▶ _EXERCISE DETAILS_
Repeat every record below exactly, leaving out the pictures.

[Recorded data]
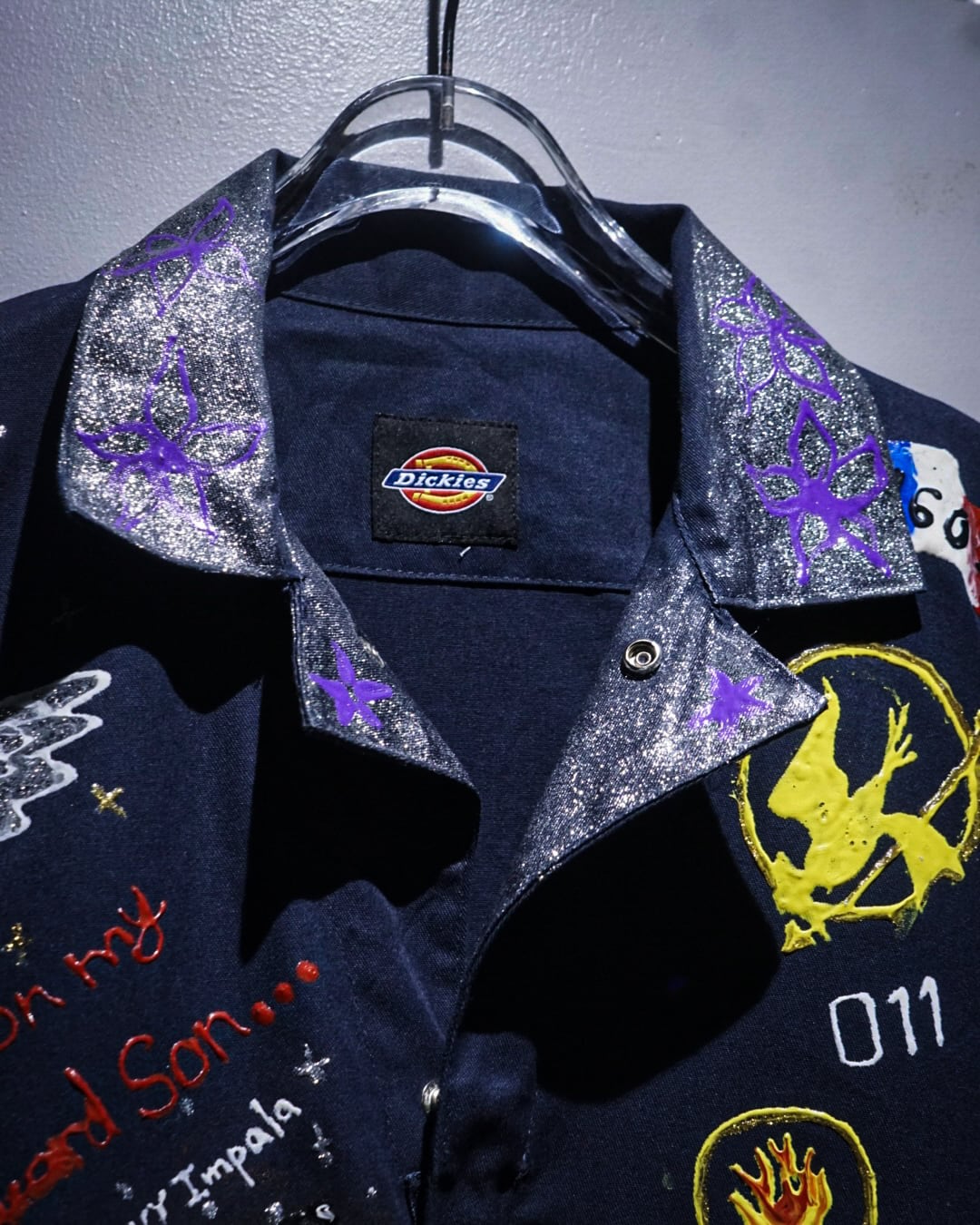 “Dikies”ジャンプスーツをベースに、ハンドペイントによる大胆なカスタムを施した、完全一点物のスペシャルピース。
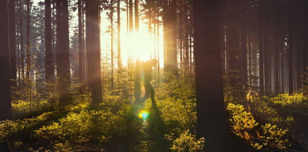 Silent German Forest in spring with beautiful bright sun rays on orange, golden sunset mood, black forest
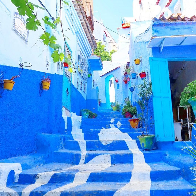北アフリカ・モロッコ北部のリフ山脈の奥深くにあります。決してアクセスがいい場所ではありませんが、山間の美しいブルーの町は「おとぎの国」と絶賛される世界中の旅行者の憧れ。シャウエンの旧市街(メディナ)は、家の壁も道の階段も、水色から深い青色まで、多彩な青で染められています。その理由として最も有力なのが、その昔スペインから追われシャウエンに住みついたユダヤ人によるもの、という説。ユダヤ教にとって青が神聖な色であったことから、家や道をつくる際に青色で染めていったのだそうです。イスラエルが建国されると、シャウエンにいたユダヤ人のほとんどはイスラエルへと移住していきましたが、町を青色に染める習慣だけは残った、ということです。
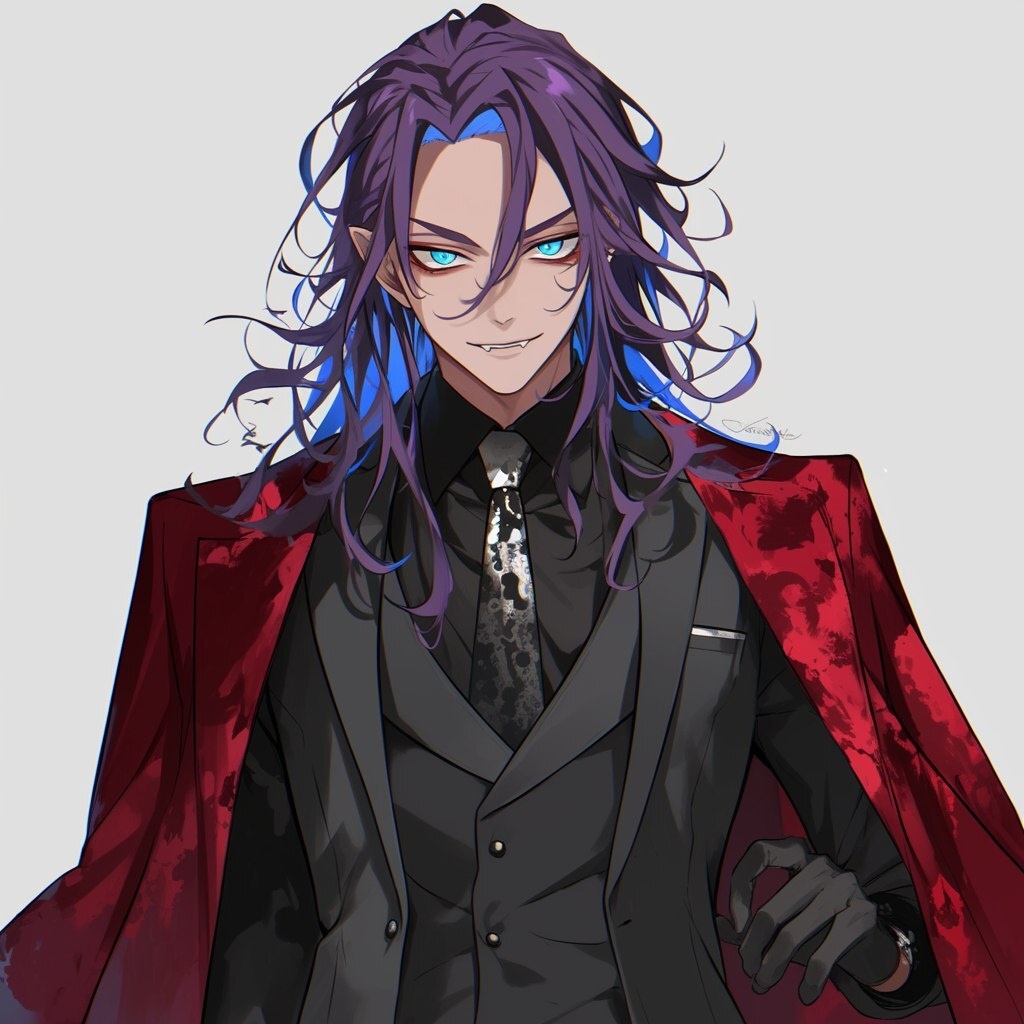 Создано на основе запроса: Full-length vampire guy with purple hair and blue eyes in a luxurious bright suit
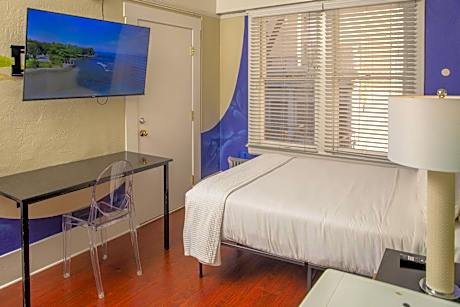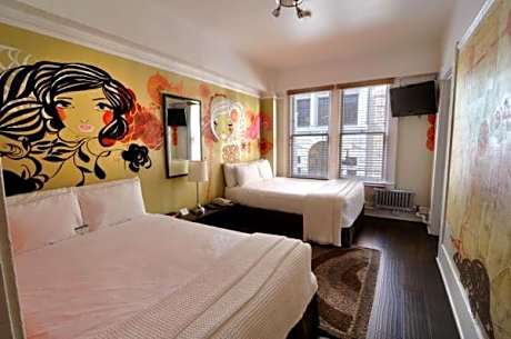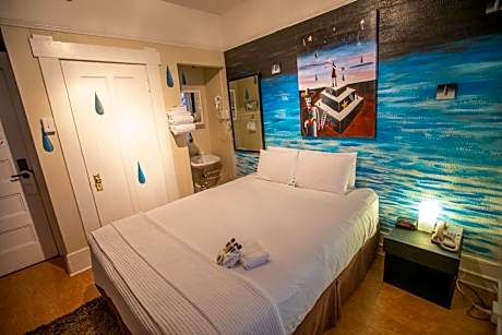 These Residential Standard Queen with Shared Bathroom rooms feature a queen-sized bed. Each room contains a washbasin. Shower and toilet are down the hall and are shared among a couple of rooms. All rooms have art displayed on the walls.
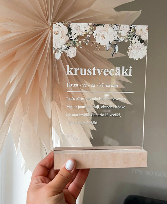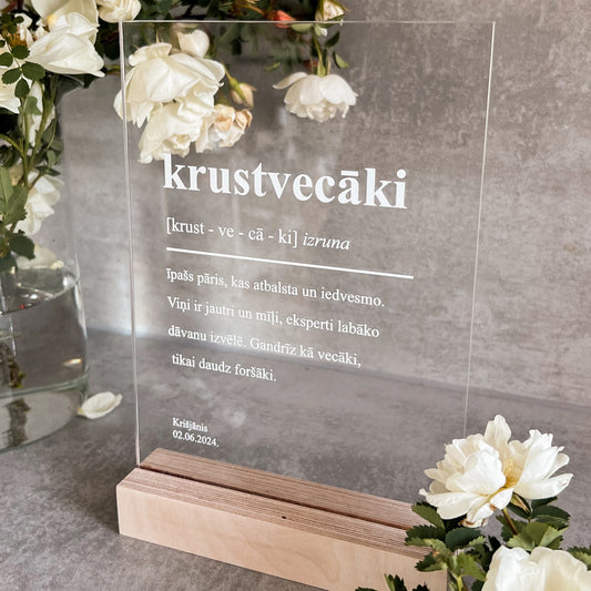 "KRUSTVECĀKI" PERSONALIZĒTS ORGANISKĀ STIKLA DEKORS KOKA STATĪVĀ€32,90 EUR/€30,00 EUR€32,90 EUR
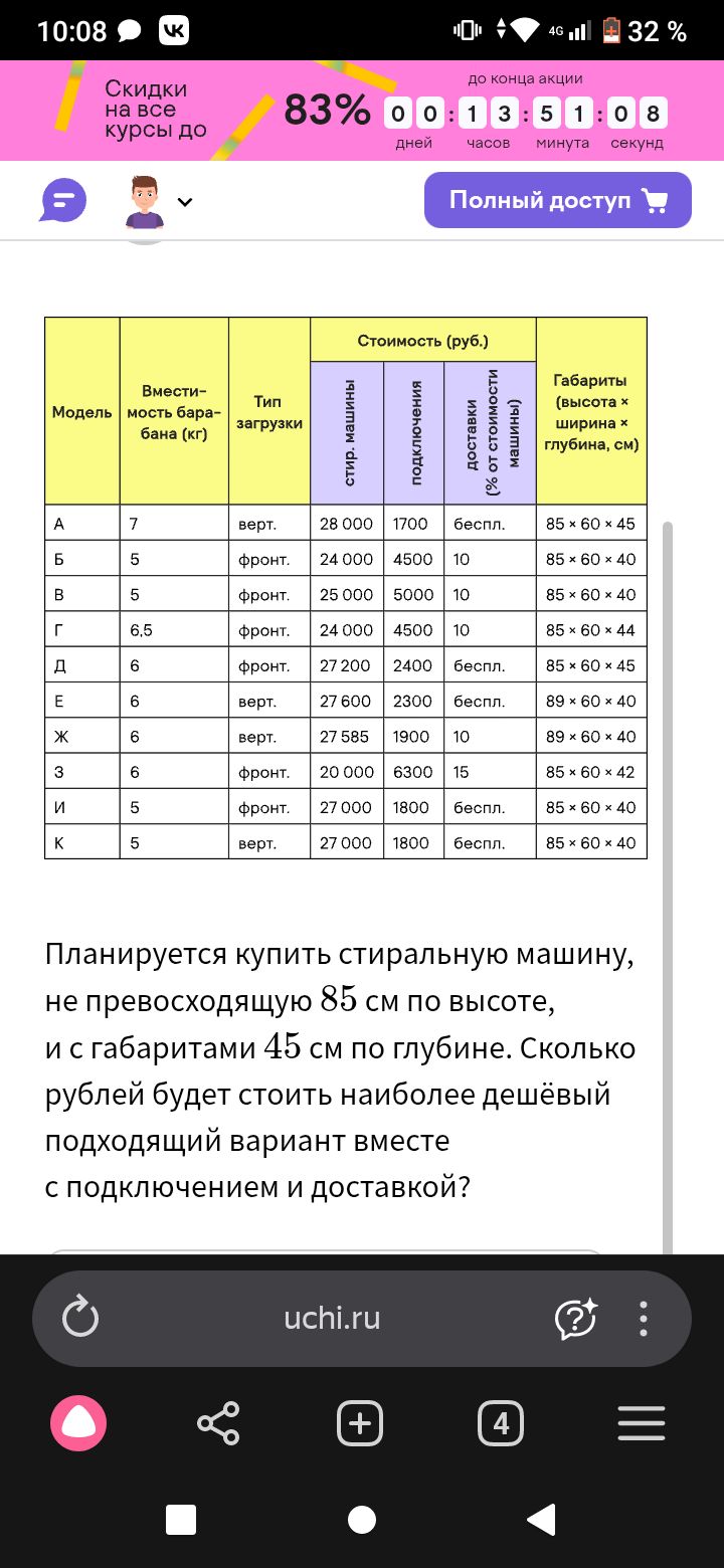 Для ответа на вопрос необходимо проанализировать таблицу и выбрать стиральную машину, подходящую по высоте (не более 85 см) и глубине (45 см). После этого нужно выбрать самую дешевую модель с учетом стоимости подключения и доставки.
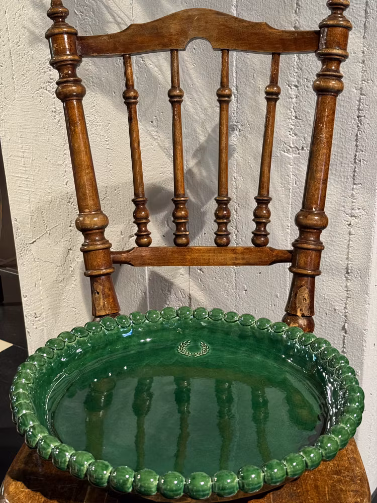Ett stort handgjord, rund fat med "bollar" på kanten i en mycket vacker grön färg. Fatet kommer från en producent i Toscana. De levererar högklassiga och användbara produkter med stor finess.
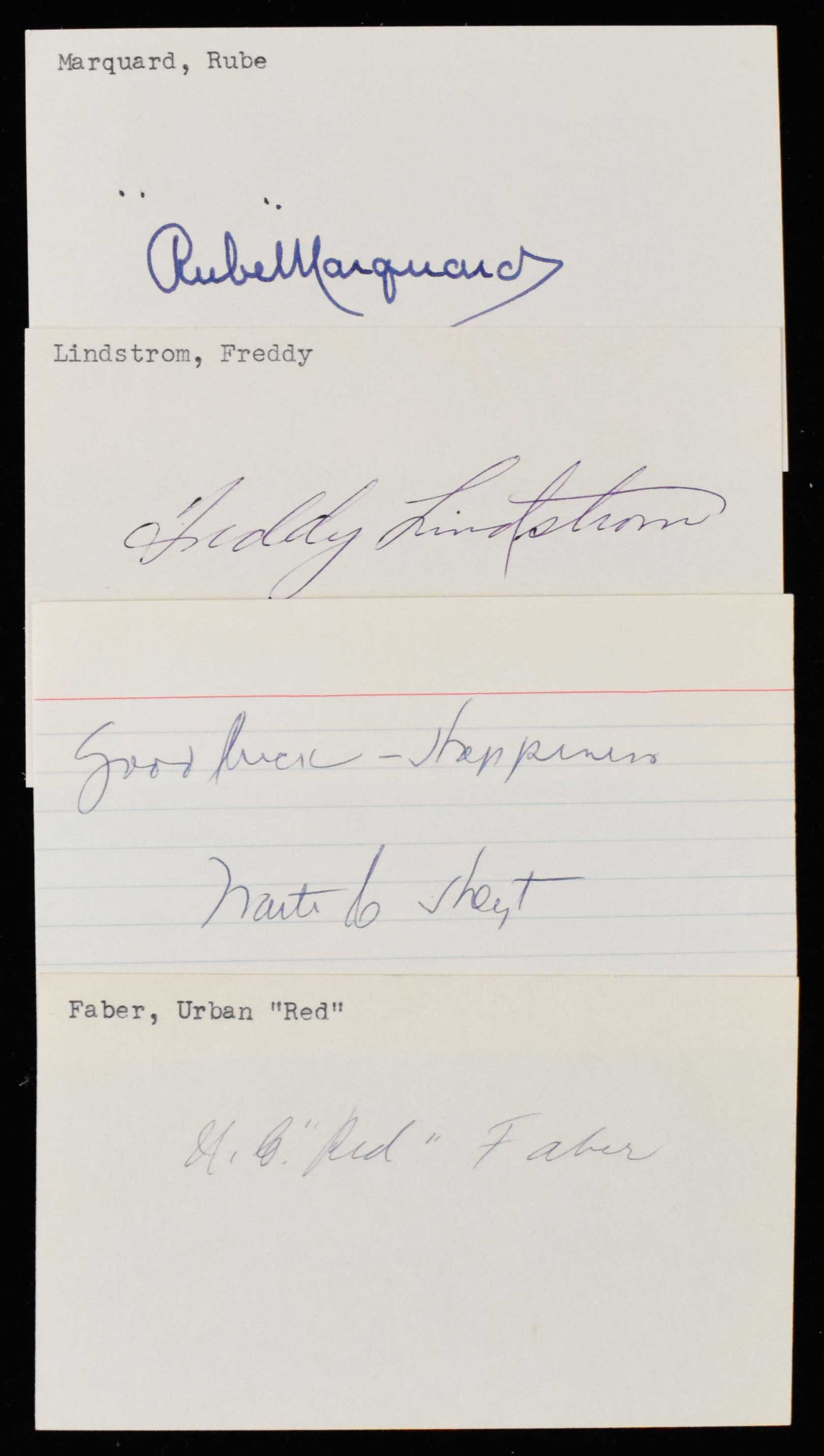 Description:Lot of (8) Hall of Famer signed index cards (Sigs. NM) Includes Fred Lindstrom, Rube Marquard, Sam Rice, Red Faber, Chick Hafey, Joe McCarthy, Waite Hoyt, and Bucky Harris. Each signed in ink rating 7 to 9 out of 10: Sigs. NM
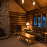 One of the original log buildings at our Resort, yet very popular, this modernized spacious cabin has an open view wood burning stove and a screened-in porch.
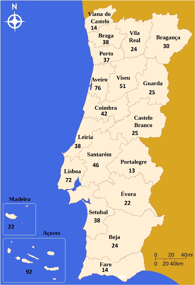Apresentamos, abaixo, um mapa com a distribuição das Bandas Filarmônicas por Distrito, em Portugal, e também nos Arquipélagos dos Açores e da Madeira.
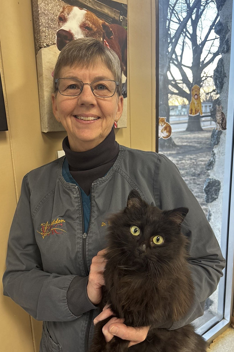Dr. Sandy Schmith graduated in 1987 from Iowa State University College of Veterinary Medicine and moved to the area with her husband Rick to join the Sheldon Veterinary Clinic. In June of 2024 , Rick, Sandy, and their 15 yr old cat “Noogie” moved to Sioux Falls, SD. They love the outdoors, hiking, biking and traveling. Dr. Schmith continues to work part time at the clinic.
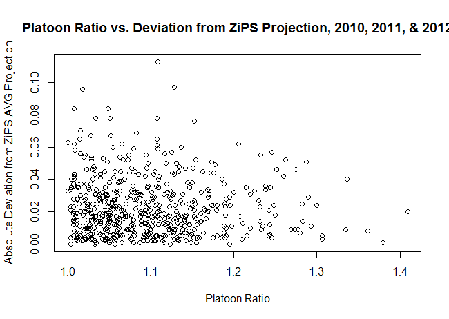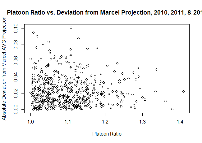 I computed that severity for players with at least 500 PA against both left-handers and right-handers going into the season for which they were projected; for instance, for 2010 I would have used career data stopping at 2009. I then looked at their actual BA in the projected year, computed the deviation between that BA and the projected BA, and saw if there was any correlation between the deviation and the platoon ratio. (I actually used the absolute value of the deviation, so that magnitude was taken into account without worrying about direction.) Taking into account the availability of projections and requiring that players have at least 150 PA in the season where the deviation is measured, we have a sample size of 556 player seasons.

▶ _ANSWER BOX_
 “Dikies”ジャンプスーツをベースに、ハンドペイントによる大胆なカスタムを施した、完全一点物のスペシャルピース。
 Silent German Forest in spring with beautiful bright sun rays on orange, golden sunset mood, black forest
北アフリカ・モロッコ北部のリフ山脈の奥深くにあります。決してアクセスがいい場所ではありませんが、山間の美しいブルーの町は「おとぎの国」と絶賛される世界中の旅行者の憧れ。シャウエンの旧市街(メディナ)は、家の壁も道の階段も、水色から深い青色まで、多彩な青で染められています。その理由として最も有力なのが、その昔スペインから追われシャウエンに住みついたユダヤ人によるもの、という説。ユダヤ教にとって青が神聖な色であったことから、家や道をつくる際に青色で染めていったのだそうです。イスラエルが建国されると、シャウエンにいたユダヤ人のほとんどはイスラエルへと移住していきましたが、町を青色に染める習慣だけは残った、ということです。
 Создано на основе запроса: Full-length vampire guy with purple hair and blue eyes in a luxurious bright suit
 These Residential Standard Queen with Shared Bathroom rooms feature a queen-sized bed. Each room contains a washbasin. Shower and toilet are down the hall and are shared among a couple of rooms. All rooms have art displayed on the walls.
 "KRUSTVECĀKI" PERSONALIZĒTS ORGANISKĀ STIKLA DEKORS KOKA STATĪVĀ€32,90 EUR/€30,00 EUR€32,90 EUR
 Для ответа на вопрос необходимо проанализировать таблицу и выбрать стиральную машину, подходящую по высоте (не более 85 см) и глубине (45 см). После этого нужно выбрать самую дешевую модель с учетом стоимости подключения и доставки.
Ett stort handgjord, rund fat med "bollar" på kanten i en mycket vacker grön färg. Fatet kommer från en producent i Toscana. De levererar högklassiga och användbara produkter med stor finess.
 Description:Lot of (8) Hall of Famer signed index cards (Sigs. NM) Includes Fred Lindstrom, Rube Marquard, Sam Rice, Red Faber, Chick Hafey, Joe McCarthy, Waite Hoyt, and Bucky Harris. Each signed in ink rating 7 to 9 out of 10: Sigs. NM
 One of the original log buildings at our Resort, yet very popular, this modernized spacious cabin has an open view wood burning stove and a screened-in porch.
Apresentamos, abaixo, um mapa com a distribuição das Bandas Filarmônicas por Distrito, em Portugal, e também nos Arquipélagos dos Açores e da Madeira.
Dr. Sandy Schmith graduated in 1987 from Iowa State University College of Veterinary Medicine and moved to the area with her husband Rick to join the Sheldon Veterinary Clinic. In June of 2024 , Rick, Sandy, and their 15 yr old cat “Noogie” moved to Sioux Falls, SD. They love the outdoors, hiking, biking and traveling. Dr. Schmith continues to work part time at the clinic.
 I computed that severity for players with at least 500 PA against both left-handers and right-handers going into the season for which they were projected; for instance, for 2010 I would have used career data stopping at 2009. I then looked at their actual BA in the projected year, computed the deviation between that BA and the projected BA, and saw if there was any correlation between the deviation and the platoon ratio. (I actually used the absolute value of the deviation, so that magnitude was taken into account without worrying about direction.) Taking into account the availability of projections and requiring that players have at least 150 PA in the season where the deviation is measured, we have a sample size of 556 player seasons.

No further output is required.